ABOUT DIVE COMPUTERS
Our Advice: Buy a Shearwater Perdix or equivalent to allow yourself room to grow into the full scope of diving possibilities.
Dive computers help the diver track depth and bottom time, calculate necessary decompression stops, and minimise the risk of decompression sickness (DCS).
There are three main decompression models that are used by modern dive computers; Buhlmann ZHL-16C, VPM, and RGBM. Each of these models will not match the other in terms of required stop times and depths for an identical dive profile.

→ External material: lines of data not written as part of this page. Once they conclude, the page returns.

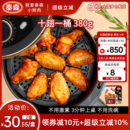 Tyson 泰森 奥尔良风味十翅一桶 380g*2盒 57.9元包邮(29元/盒)
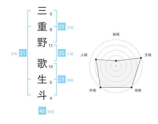 三重野 歌生斗さんを姓名の画数から五運を鑑定
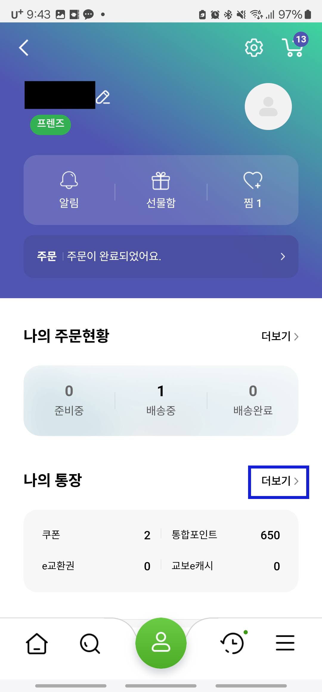 홈페이지를 사용하시든 어플을 사용하시든 충전방법은 동일합니다. 우선 어플로 충전하는 방법을 알려드리겠습니다. 회원가입 후 로그인을 해주시면 아래와 같은 화면을 보실 수 있습니다. 화면의 하단에 있는 사람모양의 버튼을 터치합니다. 그러면 마이페이지로 연결되는데 여기서 나의 통장 옆 더보기 버튼을 눌러줍니다.
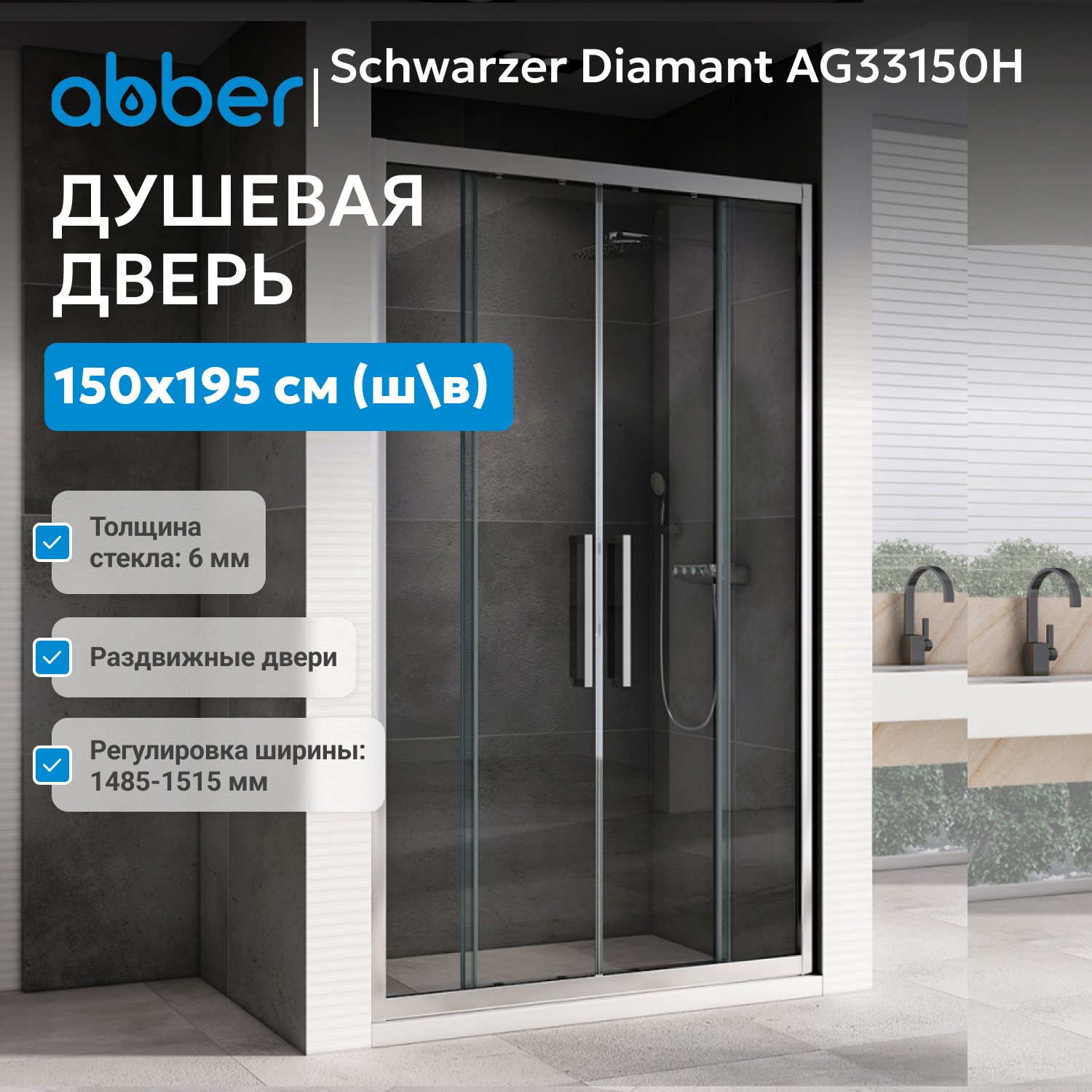 Душевая дверь ABBER Schwarzer Diamant AG33150H
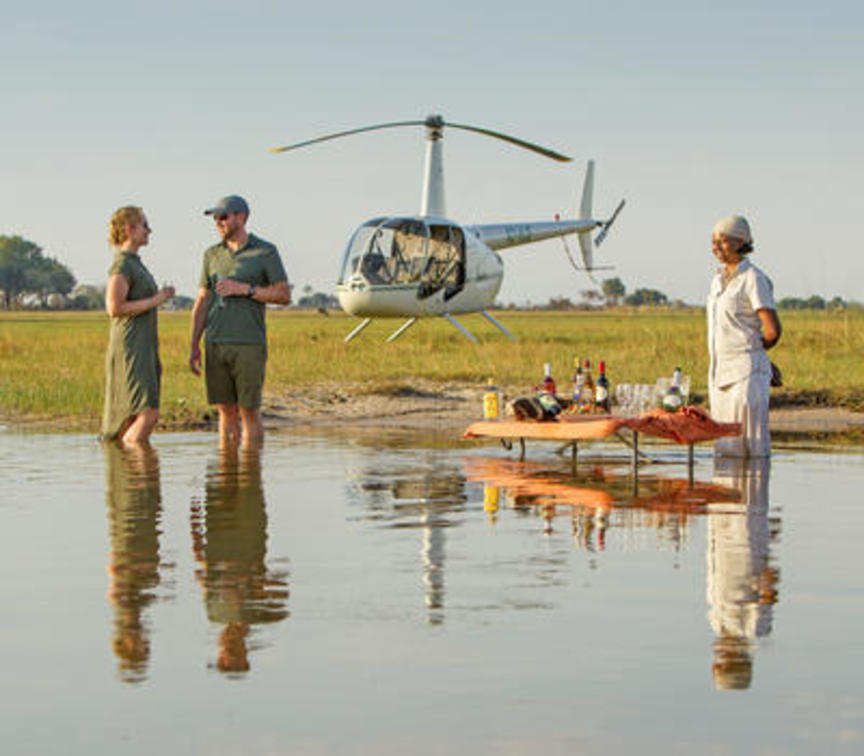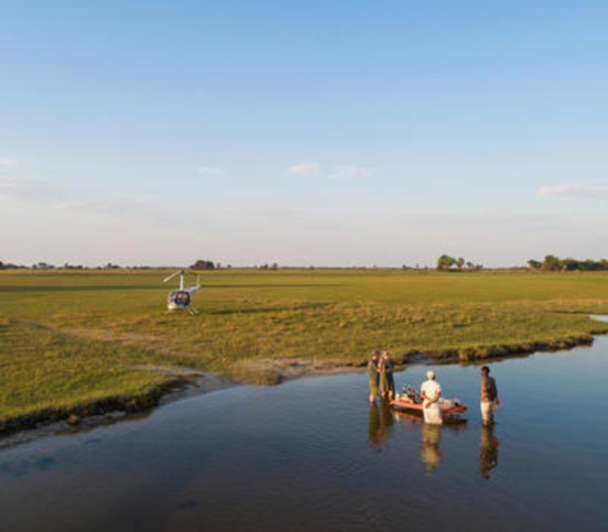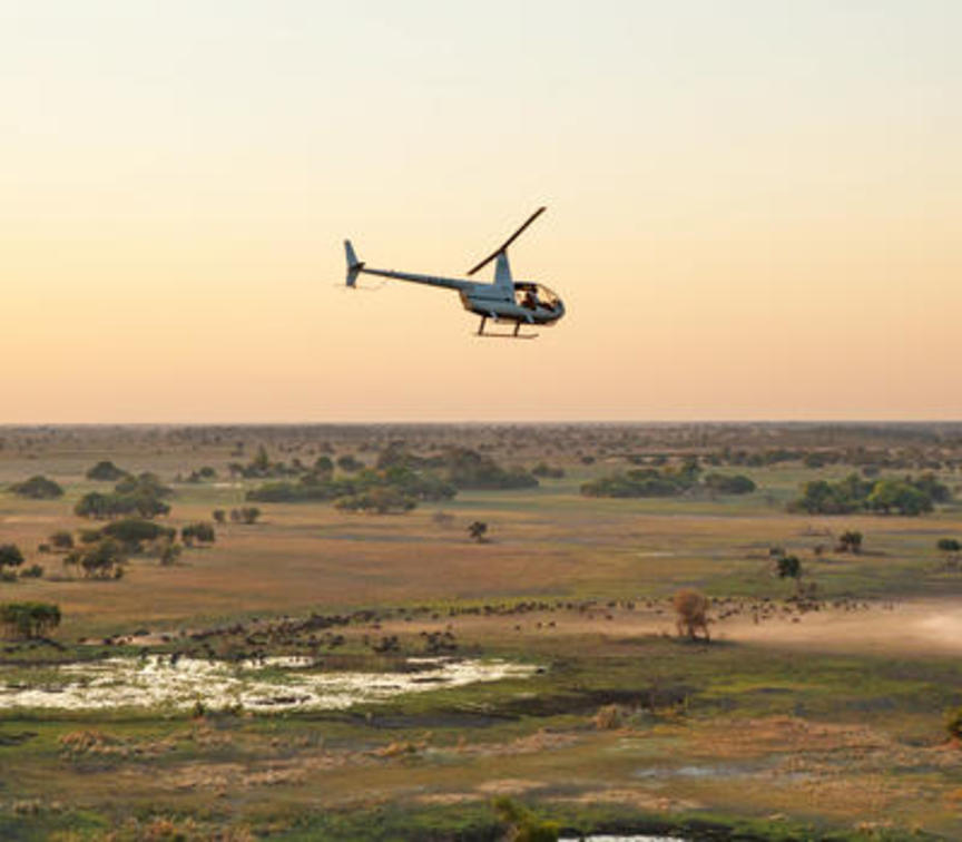 Seeing the Okavango Delta from a helicopter is a truly magnificent experience. Desert & Delta’s partners at Helicopter Horizons will remove the doors providing uninterrupted views and close up angles of the majestic Delta and its wildlife. A scenic flight is not just a must for keen photographers but an exciting opportunity to witness this remarkable network of land and water from above. The flights are operated with the utmost respect and caution for the natural environment, the wildlife and travellers. Routes have been carefully marked out ensuring guests on other activities and in camp are not disturbed. The flight routes and take off areas are designed specifically to make use of pristine areas within the concession.
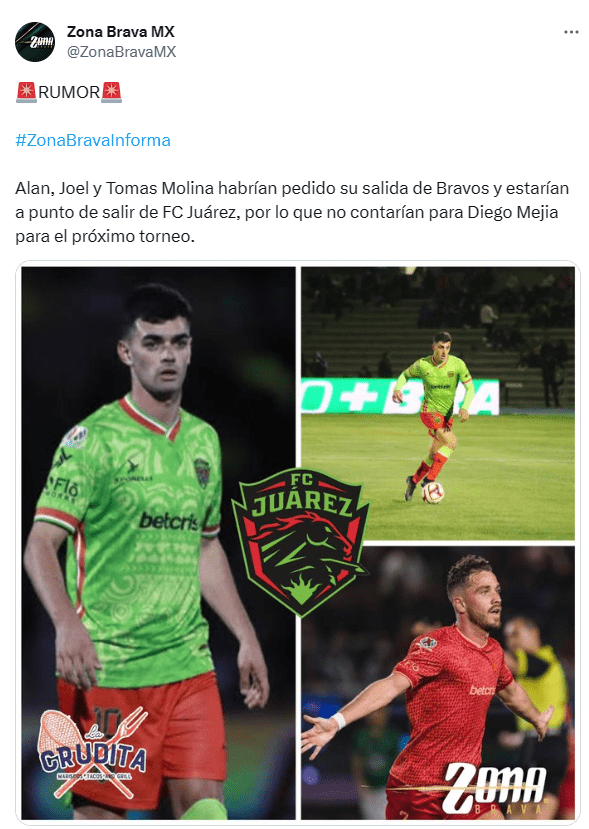 Tomás Molina tiene contrato con FC Juárez hasta diciembre de 2025, por lo que es muy probable que le estén buscando una cesión a préstamo, Liga de Quito podría aprovechar para traerlo por los seis meses que restan y solo negociar su sueldo.

Better dive computers using the Buhlmann (ZHL-16C) tissue model make further adjustment for gradient factors, allowing the diver to adjust for their own physiology and conservatism preferences.
Console or wrist mount?
Wrist mounted vs console dive computer: console dive computers are vulnerable to damage, difficult to check, add unnecessary bulk to the SPG, and require you to dissemble the console for battery changes. Wrist mounted dive computers are recommended for being far easier to check frequently and to watch for while maintaining stops.
Replaceable batteries
If your dive computer’s battery runs out at the dive site or on an overseas trip, it is essential that you be able to easily change the battery yourself from common battery types available at any corner store. For this purpose AA or AAA batteries are best. Poorly designed dive computers require a service centre to change the battery, or require special (difficult to find) battery types.
Multi-gas capable
Nitrox is increasingly the standard gas mix from dive centres around the world. For recreational purposes, at a minimum your dive computer must be programmable with air or variable nitrox mixes.

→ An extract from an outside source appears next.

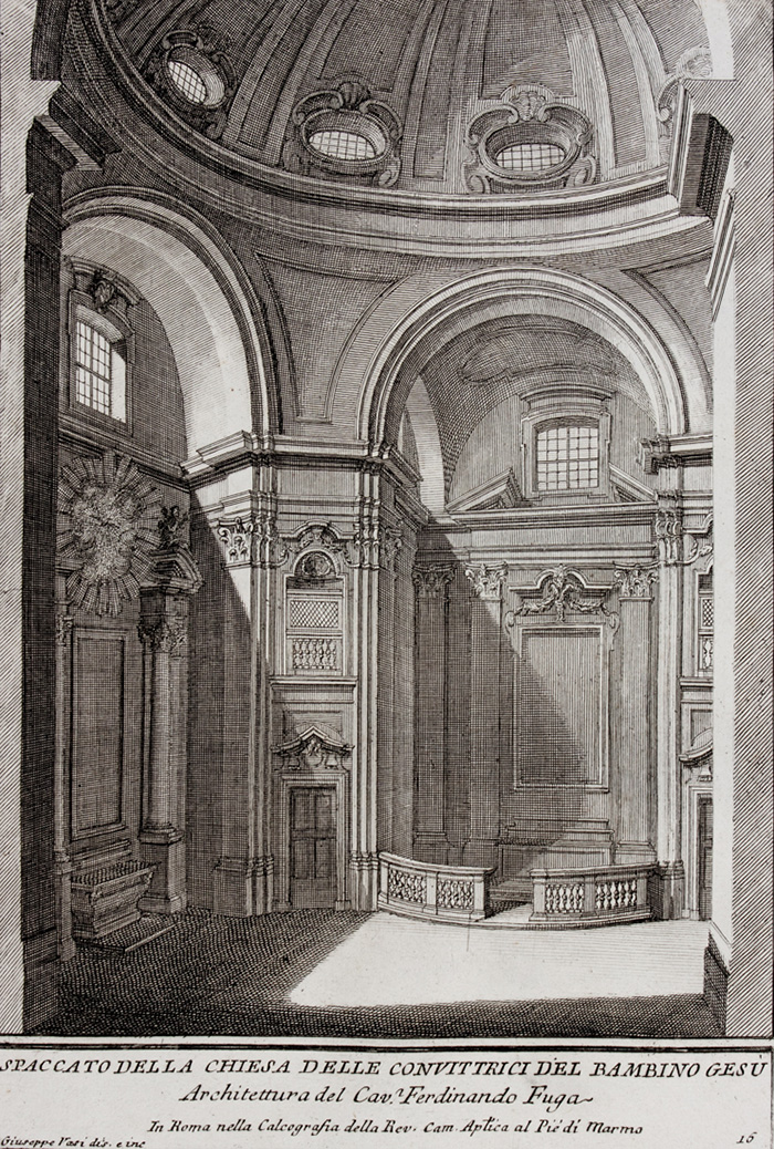 9 tavole di Giuseppe Vasi e 5 tavole di Jean-Laurent Legeay da Raccolta di varie fabbriche  di Rome e altrove... (1739). Acquaforte. mm 190/198x287/290. Foglio: 295x440. Firmate e titolate nel margine inferiore. 3 tavole di Giovanni Battista Falda da Il Nuovo Teatro delle Fabbriche, et Edificii, in Prospettiva di Roma Moderna (...) 1665-69 Edito da Giovan Giacomo De Rossi. (17)

We recommend that all divers, including new recreational divers, should consider a technical capable dive computer which will give them room to grow in the sport, rather than buying a cheap recreational computer that will soon need to be replaced.
Shearwater dive computers offer a simplified recreational mode for new divers, and will not need to be replaced even as the diver moves into advanced trimix and CCR.
A technical dive computer must be capable of programing both open circuit and CCR for multiple gas mixes of air, nitrox, and trimix that can be switched during the dive.
Upgradeability and support
Diving decompression and decompression modelling are not an exact science and are constantly improving. Better dive computers will offer ongoing support and updates so that your dive computer will always be running the latest software.
ABOUT GRADIENT FACTORS
Buhlmann’s tissue model has 16 hypothetical tissue compartments (with different gas absorption rates and saturation values) that are tracked during a dive in order to determine each tissue compartment’s inert gas pressure.
As a diver ascends, the tissue compartments start to release pressure (off- gas). Buhlmann gave each tissue compartment a maximum pressure value which, if exceeded, will result in getting bent (M-value).
Gradient Factor = (Tissue Compartment Pressure - Ambient Pressure) / (M Value - Ambient Pressure)
The gradient factor formula tells us that (a) at or above GF=1, you are at Buhlmann’s M-value and should be bent, and (b) when tissue compartment pressure reaches ambient pressure, then the GF=0.
Baker’s ascent strategy is to ascend to your first stop which gives a Low GF such as LowGF=0.30 and to exit the water at the surface with an acceptable High GF such as HighGF=0.80. At each stop depth the acceptable GF is higher but may not exceed the MaxGF determined by the line between HighGF and LowGF:
MaxGF = HighGF - (HighGF - LowGF)/LowGF Depth * Current Depth
Therefore at each stop diver must off-gas enough tissue compartment pressure so that Max GF is not exceeded at the next stop.
E.g. a gradient factor of 20/80 means the first stop is 20% of the M-value, and the diver exits the water at 80% of the M-value (or 80% of the way to being bent).